EXERCISE PROMPT: Write out every entry exactly; the pictures do not belong in the copy.

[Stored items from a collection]
----------

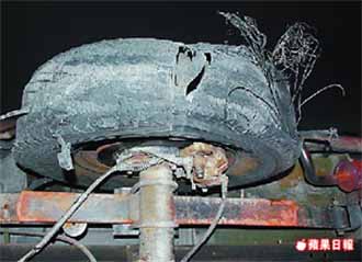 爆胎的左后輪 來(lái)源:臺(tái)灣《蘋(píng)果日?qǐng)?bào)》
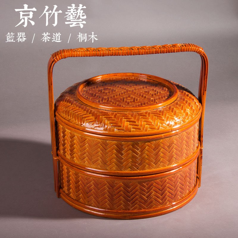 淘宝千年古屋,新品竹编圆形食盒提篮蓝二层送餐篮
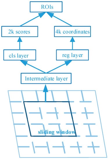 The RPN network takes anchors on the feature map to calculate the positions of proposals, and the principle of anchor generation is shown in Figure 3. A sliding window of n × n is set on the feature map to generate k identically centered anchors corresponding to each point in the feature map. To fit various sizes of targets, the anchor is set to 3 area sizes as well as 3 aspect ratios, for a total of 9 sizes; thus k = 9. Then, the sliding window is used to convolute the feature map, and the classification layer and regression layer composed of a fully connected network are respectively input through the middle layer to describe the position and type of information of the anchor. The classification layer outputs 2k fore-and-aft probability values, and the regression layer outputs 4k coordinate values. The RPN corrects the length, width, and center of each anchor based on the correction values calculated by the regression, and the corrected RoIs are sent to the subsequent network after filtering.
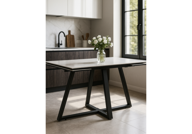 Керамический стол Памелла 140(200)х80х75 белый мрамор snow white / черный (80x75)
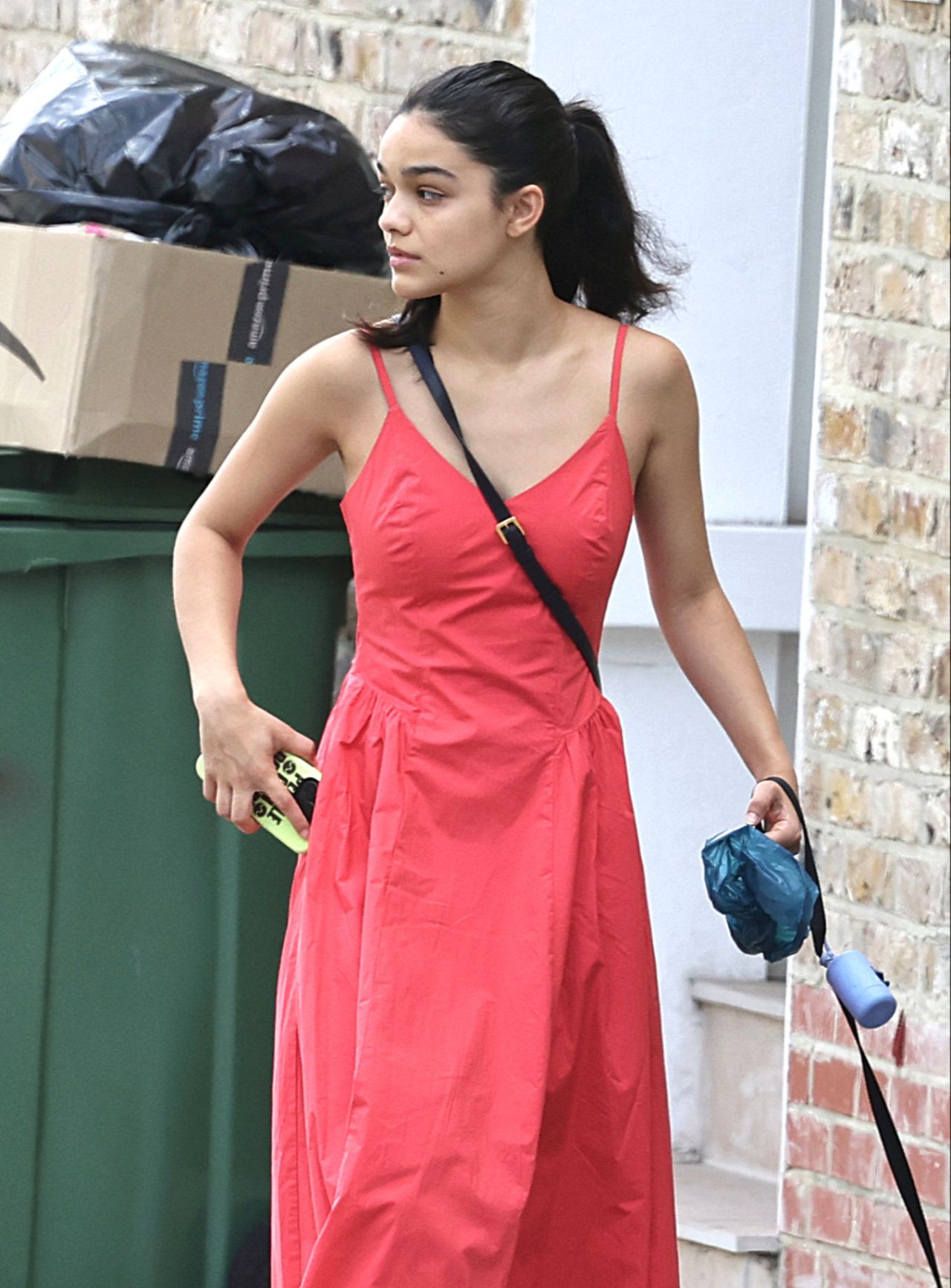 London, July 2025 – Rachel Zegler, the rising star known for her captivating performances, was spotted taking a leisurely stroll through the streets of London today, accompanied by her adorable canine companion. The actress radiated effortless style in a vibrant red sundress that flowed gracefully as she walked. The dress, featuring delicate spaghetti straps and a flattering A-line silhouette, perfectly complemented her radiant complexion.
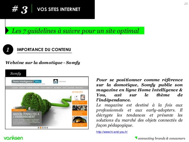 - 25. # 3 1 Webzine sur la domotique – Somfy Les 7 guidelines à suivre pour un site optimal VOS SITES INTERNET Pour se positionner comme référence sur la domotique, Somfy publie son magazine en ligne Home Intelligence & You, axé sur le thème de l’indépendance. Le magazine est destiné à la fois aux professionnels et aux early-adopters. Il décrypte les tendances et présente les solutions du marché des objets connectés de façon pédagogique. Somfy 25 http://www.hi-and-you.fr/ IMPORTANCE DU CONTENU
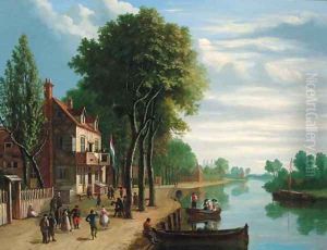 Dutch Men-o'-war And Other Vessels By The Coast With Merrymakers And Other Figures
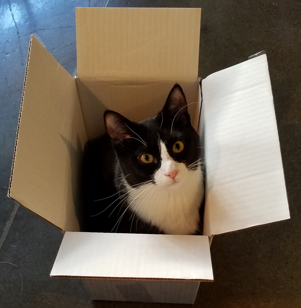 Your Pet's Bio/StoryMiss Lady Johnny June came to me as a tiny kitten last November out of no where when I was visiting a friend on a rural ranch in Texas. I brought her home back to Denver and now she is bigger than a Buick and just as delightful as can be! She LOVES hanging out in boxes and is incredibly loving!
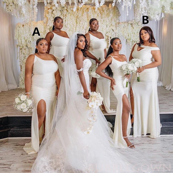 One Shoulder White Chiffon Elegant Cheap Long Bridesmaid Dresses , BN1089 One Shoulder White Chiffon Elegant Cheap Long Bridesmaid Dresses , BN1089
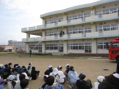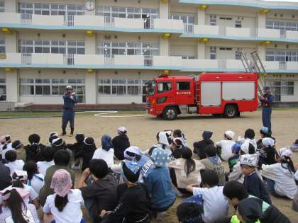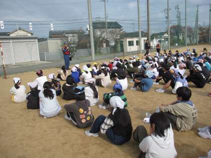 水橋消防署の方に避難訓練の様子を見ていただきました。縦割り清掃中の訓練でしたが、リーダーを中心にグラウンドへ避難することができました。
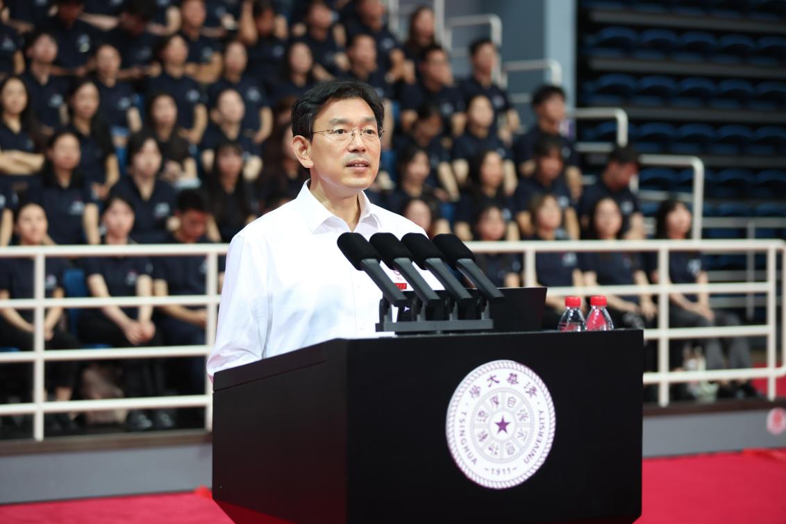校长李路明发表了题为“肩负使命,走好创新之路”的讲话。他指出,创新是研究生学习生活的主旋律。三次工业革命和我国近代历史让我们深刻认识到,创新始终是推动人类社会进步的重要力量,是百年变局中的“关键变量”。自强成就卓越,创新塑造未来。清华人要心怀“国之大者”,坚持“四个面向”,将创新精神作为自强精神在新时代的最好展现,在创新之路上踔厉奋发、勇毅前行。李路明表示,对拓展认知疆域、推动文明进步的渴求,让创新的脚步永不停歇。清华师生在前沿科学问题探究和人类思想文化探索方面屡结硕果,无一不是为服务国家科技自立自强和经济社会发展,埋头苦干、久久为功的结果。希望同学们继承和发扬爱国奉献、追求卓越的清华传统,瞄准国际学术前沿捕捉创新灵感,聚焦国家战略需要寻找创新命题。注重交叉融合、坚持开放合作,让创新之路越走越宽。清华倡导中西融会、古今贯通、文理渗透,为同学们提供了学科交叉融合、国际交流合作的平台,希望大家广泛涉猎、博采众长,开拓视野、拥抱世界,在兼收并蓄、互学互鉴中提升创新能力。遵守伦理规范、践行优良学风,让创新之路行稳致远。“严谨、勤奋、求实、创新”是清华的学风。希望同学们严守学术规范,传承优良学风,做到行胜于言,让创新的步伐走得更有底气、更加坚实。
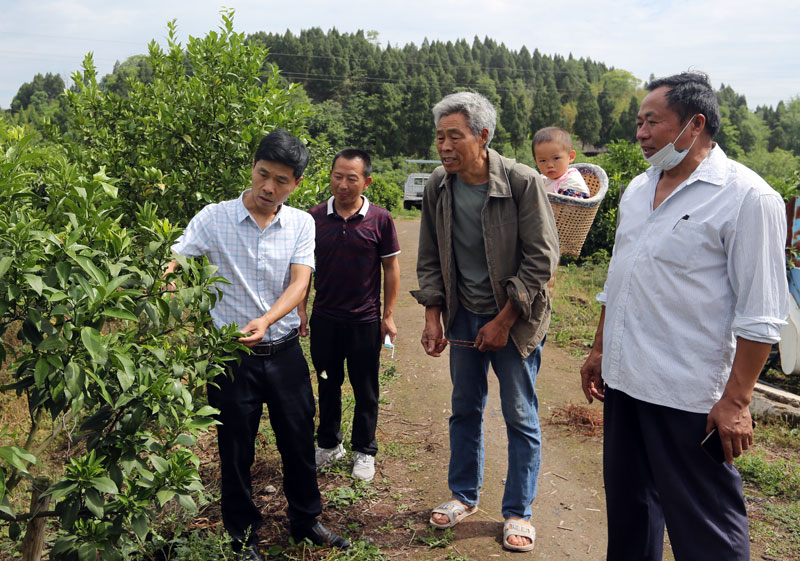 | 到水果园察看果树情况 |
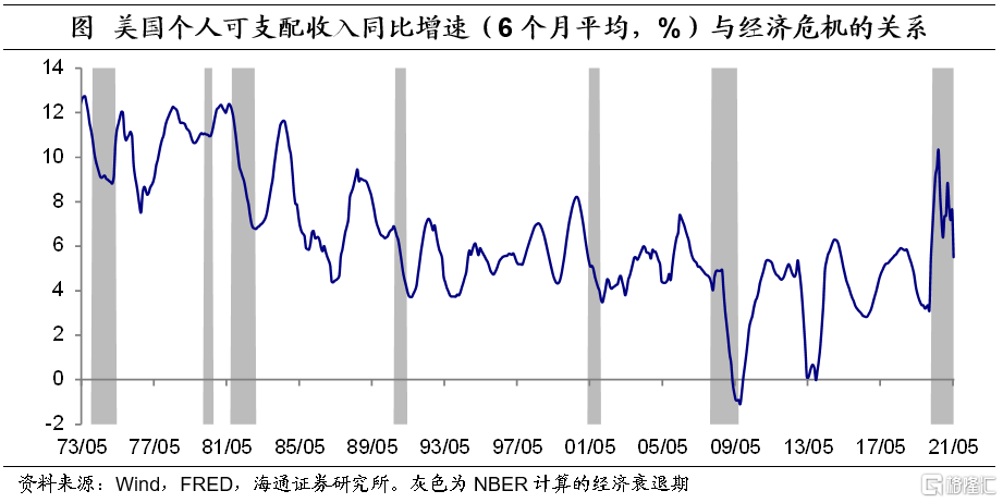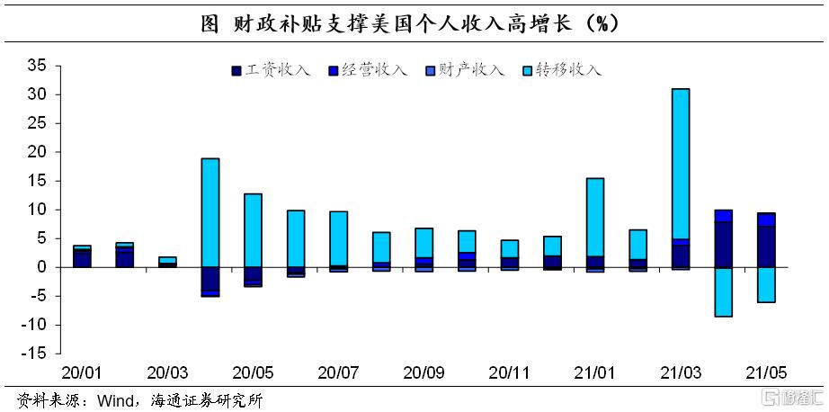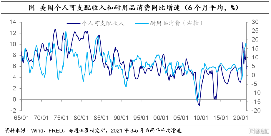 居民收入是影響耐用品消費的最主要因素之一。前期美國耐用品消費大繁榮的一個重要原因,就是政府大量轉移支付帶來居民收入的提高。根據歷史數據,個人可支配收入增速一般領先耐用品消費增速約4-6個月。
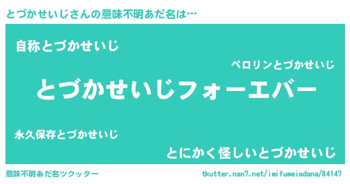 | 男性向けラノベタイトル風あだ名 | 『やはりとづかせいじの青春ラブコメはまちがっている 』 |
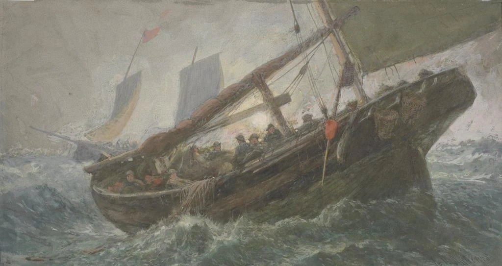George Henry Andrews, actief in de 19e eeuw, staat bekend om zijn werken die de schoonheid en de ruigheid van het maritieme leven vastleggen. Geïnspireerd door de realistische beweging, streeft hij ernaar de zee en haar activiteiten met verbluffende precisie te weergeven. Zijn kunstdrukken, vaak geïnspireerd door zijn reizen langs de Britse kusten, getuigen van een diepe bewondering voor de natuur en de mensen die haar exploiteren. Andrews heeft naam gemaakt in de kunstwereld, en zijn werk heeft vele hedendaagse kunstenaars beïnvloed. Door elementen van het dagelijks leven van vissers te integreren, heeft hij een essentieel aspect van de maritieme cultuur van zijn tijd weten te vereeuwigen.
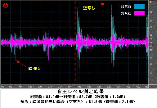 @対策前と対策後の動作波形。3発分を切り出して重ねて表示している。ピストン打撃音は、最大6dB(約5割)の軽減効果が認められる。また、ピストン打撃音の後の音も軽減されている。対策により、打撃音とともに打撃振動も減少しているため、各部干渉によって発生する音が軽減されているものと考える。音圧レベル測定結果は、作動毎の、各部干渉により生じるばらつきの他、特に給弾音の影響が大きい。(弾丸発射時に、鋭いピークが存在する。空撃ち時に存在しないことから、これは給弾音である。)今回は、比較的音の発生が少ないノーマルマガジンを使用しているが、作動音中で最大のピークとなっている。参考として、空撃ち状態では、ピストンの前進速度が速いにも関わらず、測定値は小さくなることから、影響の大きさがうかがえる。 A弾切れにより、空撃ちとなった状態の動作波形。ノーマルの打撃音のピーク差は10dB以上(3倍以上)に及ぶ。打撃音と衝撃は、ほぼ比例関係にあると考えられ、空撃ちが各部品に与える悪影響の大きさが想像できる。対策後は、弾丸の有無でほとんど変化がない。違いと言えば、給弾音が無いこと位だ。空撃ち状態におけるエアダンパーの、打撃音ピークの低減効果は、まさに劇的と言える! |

----------

RESULT:
 爆胎的左后輪 來(lái)源:臺(tái)灣《蘋(píng)果日?qǐng)?bào)》
 淘宝千年古屋,新品竹编圆形食盒提篮蓝二层送餐篮
 The RPN network takes anchors on the feature map to calculate the positions of proposals, and the principle of anchor generation is shown in Figure 3. A sliding window of n × n is set on the feature map to generate k identically centered anchors corresponding to each point in the feature map. To fit various sizes of targets, the anchor is set to 3 area sizes as well as 3 aspect ratios, for a total of 9 sizes; thus k = 9. Then, the sliding window is used to convolute the feature map, and the classification layer and regression layer composed of a fully connected network are respectively input through the middle layer to describe the position and type of information of the anchor. The classification layer outputs 2k fore-and-aft probability values, and the regression layer outputs 4k coordinate values. The RPN corrects the length, width, and center of each anchor based on the correction values calculated by the regression, and the corrected RoIs are sent to the subsequent network after filtering.
 Керамический стол Памелла 140(200)х80х75 белый мрамор snow white / черный (80x75)
 London, July 2025 – Rachel Zegler, the rising star known for her captivating performances, was spotted taking a leisurely stroll through the streets of London today, accompanied by her adorable canine companion. The actress radiated effortless style in a vibrant red sundress that flowed gracefully as she walked. The dress, featuring delicate spaghetti straps and a flattering A-line silhouette, perfectly complemented her radiant complexion.
 - 25. # 3 1 Webzine sur la domotique – Somfy Les 7 guidelines à suivre pour un site optimal VOS SITES INTERNET Pour se positionner comme référence sur la domotique, Somfy publie son magazine en ligne Home Intelligence & You, axé sur le thème de l’indépendance. Le magazine est destiné à la fois aux professionnels et aux early-adopters. Il décrypte les tendances et présente les solutions du marché des objets connectés de façon pédagogique. Somfy 25 http://www.hi-and-you.fr/ IMPORTANCE DU CONTENU
 Dutch Men-o'-war And Other Vessels By The Coast With Merrymakers And Other Figures
 Your Pet's Bio/StoryMiss Lady Johnny June came to me as a tiny kitten last November out of no where when I was visiting a friend on a rural ranch in Texas. I brought her home back to Denver and now she is bigger than a Buick and just as delightful as can be! She LOVES hanging out in boxes and is incredibly loving!
 One Shoulder White Chiffon Elegant Cheap Long Bridesmaid Dresses , BN1089 One Shoulder White Chiffon Elegant Cheap Long Bridesmaid Dresses , BN1089
 水橋消防署の方に避難訓練の様子を見ていただきました。縦割り清掃中の訓練でしたが、リーダーを中心にグラウンドへ避難することができました。
校长李路明发表了题为“肩负使命,走好创新之路”的讲话。他指出,创新是研究生学习生活的主旋律。三次工业革命和我国近代历史让我们深刻认识到,创新始终是推动人类社会进步的重要力量,是百年变局中的“关键变量”。自强成就卓越,创新塑造未来。清华人要心怀“国之大者”,坚持“四个面向”,将创新精神作为自强精神在新时代的最好展现,在创新之路上踔厉奋发、勇毅前行。李路明表示,对拓展认知疆域、推动文明进步的渴求,让创新的脚步永不停歇。清华师生在前沿科学问题探究和人类思想文化探索方面屡结硕果,无一不是为服务国家科技自立自强和经济社会发展,埋头苦干、久久为功的结果。希望同学们继承和发扬爱国奉献、追求卓越的清华传统,瞄准国际学术前沿捕捉创新灵感,聚焦国家战略需要寻找创新命题。注重交叉融合、坚持开放合作,让创新之路越走越宽。清华倡导中西融会、古今贯通、文理渗透,为同学们提供了学科交叉融合、国际交流合作的平台,希望大家广泛涉猎、博采众长,开拓视野、拥抱世界,在兼收并蓄、互学互鉴中提升创新能力。遵守伦理规范、践行优良学风,让创新之路行稳致远。“严谨、勤奋、求实、创新”是清华的学风。希望同学们严守学术规范,传承优良学风,做到行胜于言,让创新的步伐走得更有底气、更加坚实。
 | 到水果园察看果树情况 |
 居民收入是影響耐用品消費的最主要因素之一。前期美國耐用品消費大繁榮的一個重要原因,就是政府大量轉移支付帶來居民收入的提高。根據歷史數據,個人可支配收入增速一般領先耐用品消費增速約4-6個月。
 | 男性向けラノベタイトル風あだ名 | 『やはりとづかせいじの青春ラブコメはまちがっている 』 |
George Henry Andrews, actief in de 19e eeuw, staat bekend om zijn werken die de schoonheid en de ruigheid van het maritieme leven vastleggen. Geïnspireerd door de realistische beweging, streeft hij ernaar de zee en haar activiteiten met verbluffende precisie te weergeven. Zijn kunstdrukken, vaak geïnspireerd door zijn reizen langs de Britse kusten, getuigen van een diepe bewondering voor de natuur en de mensen die haar exploiteren. Andrews heeft naam gemaakt in de kunstwereld, en zijn werk heeft vele hedendaagse kunstenaars beïnvloed. Door elementen van het dagelijks leven van vissers te integreren, heeft hij een essentieel aspect van de maritieme cultuur van zijn tijd weten te vereeuwigen.
 @対策前と対策後の動作波形。3発分を切り出して重ねて表示している。ピストン打撃音は、最大6dB(約5割)の軽減効果が認められる。また、ピストン打撃音の後の音も軽減されている。対策により、打撃音とともに打撃振動も減少しているため、各部干渉によって発生する音が軽減されているものと考える。音圧レベル測定結果は、作動毎の、各部干渉により生じるばらつきの他、特に給弾音の影響が大きい。(弾丸発射時に、鋭いピークが存在する。空撃ち時に存在しないことから、これは給弾音である。)今回は、比較的音の発生が少ないノーマルマガジンを使用しているが、作動音中で最大のピークとなっている。参考として、空撃ち状態では、ピストンの前進速度が速いにも関わらず、測定値は小さくなることから、影響の大きさがうかがえる。 A弾切れにより、空撃ちとなった状態の動作波形。ノーマルの打撃音のピーク差は10dB以上(3倍以上)に及ぶ。打撃音と衝撃は、ほぼ比例関係にあると考えられ、空撃ちが各部品に与える悪影響の大きさが想像できる。対策後は、弾丸の有無でほとんど変化がない。違いと言えば、給弾音が無いこと位だ。空撃ち状態におけるエアダンパーの、打撃音ピークの低減効果は、まさに劇的と言える! |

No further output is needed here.